Не вдаваясь в детали (их можно почерпнуть у Иеремиаса), можно предположить: когда Иисус называл Бога Израилева «Отцом», это было связано в первую очередь с теми базовыми целями и верованиями, о которых у нас шла речь в главе 11. Это было аллюзией на сыновство Израиля по отношению к Богу и аллюзией на исход[2276]. Здесь же намек на особое богосыновство Мессии, в котором как бы сфокусировано богосыновство Израиля[2277]. Это хорошо видно в притче о злых виноградарях. Поскольку Иисус считал себя Мессией, который приведет израильскую историю к кульминации, воплотив в себе новый исход, от него было бы естественно ожидать и особых молитв, — молитв, созвучных этой его вере. Также естественно было бы ожидать, что он и учеников научит молиться соответствующим образом.
Итак, возникает предположение: в рамках этого смысла и предполагаемого им мессианского призвания Иисус обнаружил более глубинное призвание.

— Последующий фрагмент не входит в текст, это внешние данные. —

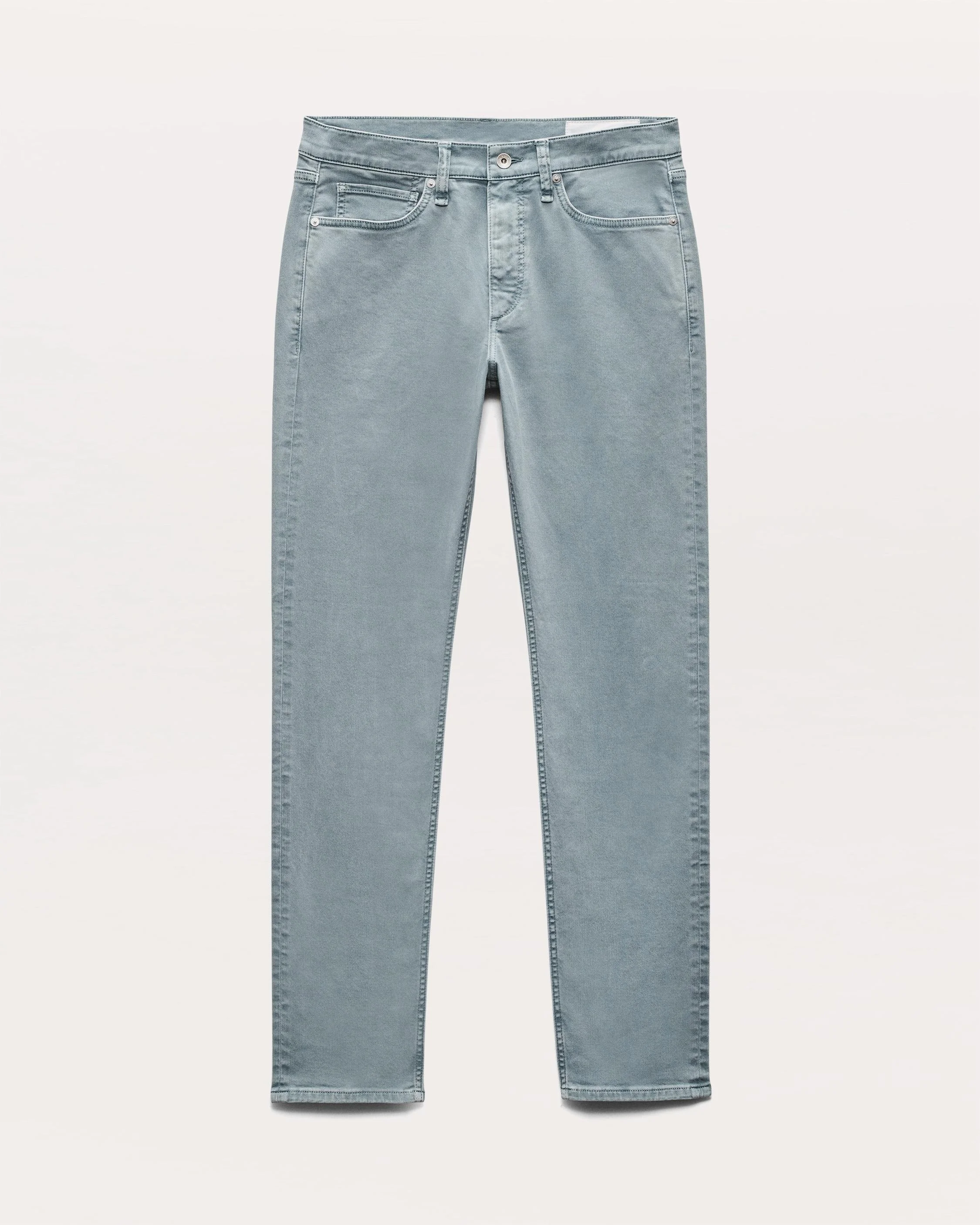 Fit 2. Our most popular fit. Mid-rise, slim through the hip and thigh, with a narrow leg opening. Crafted from Aero Stretch, a lightweight, modern denim with superior stretch and retention. In Stone Blue, a light, pale blue wash. Size & Fit Mid-rise, slim fit 11" rise, 32" inseam, 13 1/2" leg opening Model is 6'2" Features & Details 91% Cotton, 8% Polyester, 1% Elastane Aero Stretch Denim in Stone Blue, a light, pale blue wash. Machine wash cold with like colors, color may bleed, tumble dry low. Zip fly with button closure Five-pocket silhouette Imported Product ID: MED25S1223AELD

В связи с ним он и называл Бога Израилева своим «Отцом». Можно спросить: если Иисус действительно ощутил в себе призвание сделать для Израиля и всего мира то, что, по Писаниям, мог сделать только Бог Израилев, где причина и опора для такого ощущения? В чем его центральная особенность? По–видимому, мы очень близко подходим к ответу, когда отмечаем наличие в обращении Иисуса к Богу Израилеву как к «Отцу» нечто если и не полностью уникальное, то во всяком случае примечательное.
В то время, продолжая речь, Иисус сказал: славлю Тебя, Отче, Господи неба и земли, что Ты утаил сие от мудрых и разумных и открыл то младенцам; ей, Отче! ибо таково было Твое благоволение. Все предано мне Отцом моим, и никто не знает сына, кроме Отца; и Отца не знает никто, кроме сына, и кому сын захочет открыть[2278].
Этот отрывок утверждает нас в наших предположениях. Как и со всеми другими вещами, рассмотренными в настоящей главе, возможность особой близости Иисуса с «Отцом» не есть некое новое и странное добавление к портрету: оно составляет естественную часть портрета и дает глубокое объяснение других его особенностей[2279].
В нашем анализе Евангелий мы обнаружили несколько тем, которые сами по себе самопонимание Иисуса объяснить не позволяют. Но все становится на свои места, когда мы рассматриваем их в свете последних великих символических действий Иисуса и в свете тех объяснений, которые эти действия сопровождали.
Необходимо коснуться еще одного вопроса — о сцене Преображения[2280]. Доселе я его старательно обходил. Очевидно, что эта сцена не может лечь в основу ни общей исторической реконструкции, ни даже маленькой ее части. Но опять–таки, как бы ни подходить к этому рассказу с позиций богословия, психологии, библейских аллюзий, мистики или антропологии, любой историк обязан признать:
Кто хочет идти за мною, отвергнись себя и возьми крест свой и следуй за мною. Ибо, кто хочет душу свою сберечь, тот потеряет ее; а кто потеряет душу свою ради меня и Евангелия, тот сбережет ее. Ибо какая польза человеку, если он приобретет весь мир, а душе своей повредит? Или какой выкуп даст человек за душу свою? Ибо, кто постыдится меня и моих слов в роде сем прелюбодейном и грешном, того постыдится и Сын Человеческий, когда придет в славе Отца своего со святыми ангелами. [И сказал им:] истинно говорю вам: есть некоторые из стоящих здесь, которые не вкусят смерти, как уже увидят Царство Божие, пришедшее в силе[2281].